Re: [PATCH net-next 2/3] net: sched: implement TCQ_F_CAN_BYPASS for lockless qdisc

From: Jakub Kicinski
Date: Sun May 30 2021 - 16:21:45 EST


On Sun, 30 May 2021 09:37:09 +0800 Yunsheng Lin wrote:
> On 2021/5/30 2:49, Jakub Kicinski wrote:
> > The fact that MISSED is only cleared under q->seqlock does not matter,
> > because setting it and ->enqueue() are not under any lock. If the thread
> > gets interrupted between:
> >
> > if (q->flags & TCQ_F_CAN_BYPASS && nolock_qdisc_is_empty(q) &&
> > qdisc_run_begin(q)) {
> >
> > and ->enqueue() we can't guarantee that something else won't come in,
> > take q->seqlock and clear MISSED.
> >
> > thread1 thread2 thread3
> > # holds seqlock
> > qdisc_run_begin(q)
> > set(MISSED)
> > pfifo_fast_dequeue
> > clear(MISSED)
> > # recheck the queue
> > qdisc_run_end()
> > ->enqueue()
> > q->flags & TCQ_F_CAN_BYPASS..
> > qdisc_run_begin() # true
> > sch_direct_xmit()
> > qdisc_run_begin()
> > set(MISSED)
> >
> > Or am I missing something?
> >
> > Re-checking nolock_qdisc_is_empty() may or may not help.
> > But it doesn't really matter because there is no ordering
> > requirement between thread2 and thread3 here.
>
> I were more focued on explaining that using MISSED is reliable
> as sch_may_need_requeuing() checking in RFCv3 [1] to indicate a
> empty qdisc, and forgot to mention the data race described in
> RFCv3, which is kind of like the one described above:
>
> "There is a data race as below:
>
> CPU1 CPU2
> qdisc_run_begin(q) .
> . q->enqueue()
> sch_may_need_requeuing() .
> return true .
> . .
> . .
> q->enqueue() .
>
> When above happen, the skb enqueued by CPU1 is dequeued after the
> skb enqueued by CPU2 because sch_may_need_requeuing() return true.
> If there is not qdisc bypass, the CPU1 has better chance to queue
> the skb quicker than CPU2.
>
> This patch does not take care of the above data race, because I
> view this as similar as below:
>
> Even at the same time CPU1 and CPU2 write the skb to two socket
> which both heading to the same qdisc, there is no guarantee that
> which skb will hit the qdisc first, becuase there is a lot of
> factor like interrupt/softirq/cache miss/scheduling afffecting
> that."
>
> Does above make sense?
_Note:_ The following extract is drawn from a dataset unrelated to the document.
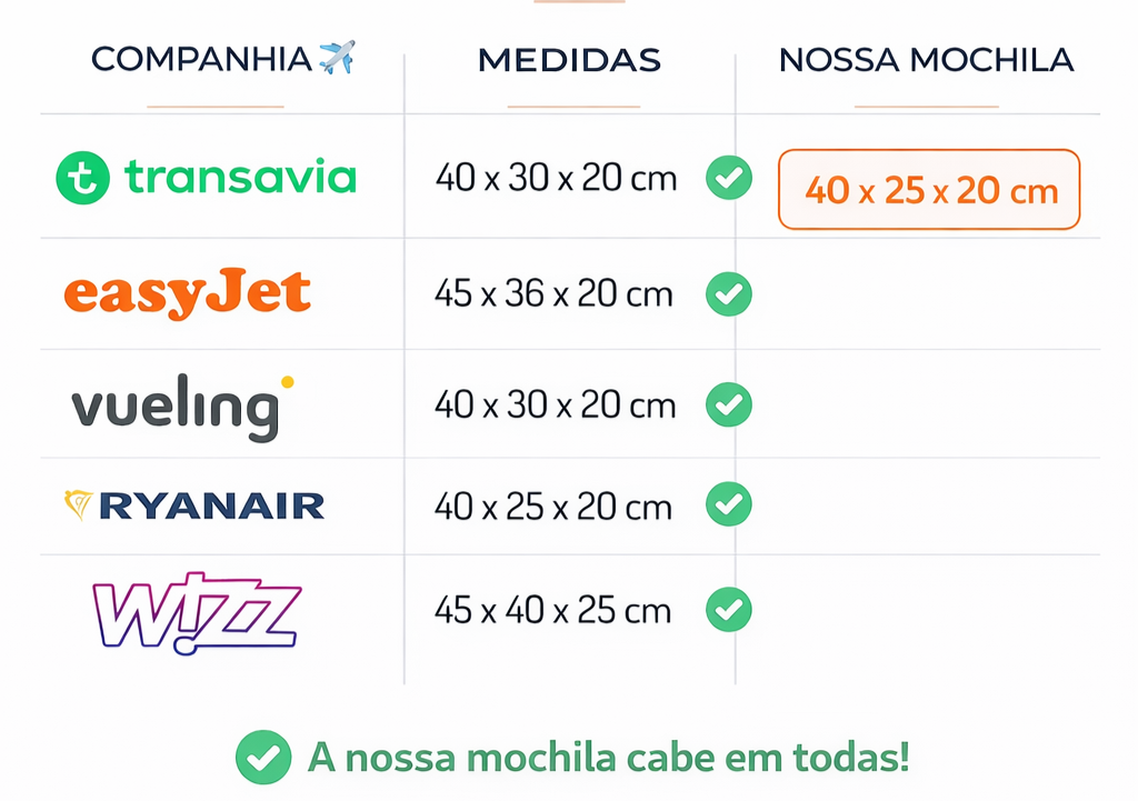 Mochila EatingMiles GO ( c/ medidas das companhias lowcost)

Or any idea to avoid it?
>
> 1. https://patchwork.kernel.org/project/netdevbpf/patch/1616404156-11772-1-git-send-email-linyunsheng@xxxxxxxxxx/

We agree on this one.

Could you draw a sequence diagram of different CPUs (like the one
above) for the case where removing re-checking nolock_qdisc_is_empty()
under q->seqlock leads to incorrect behavior?

If there is no such case would you be willing to repeat the benchmark
with and without this test?

Sorry for dragging the review out..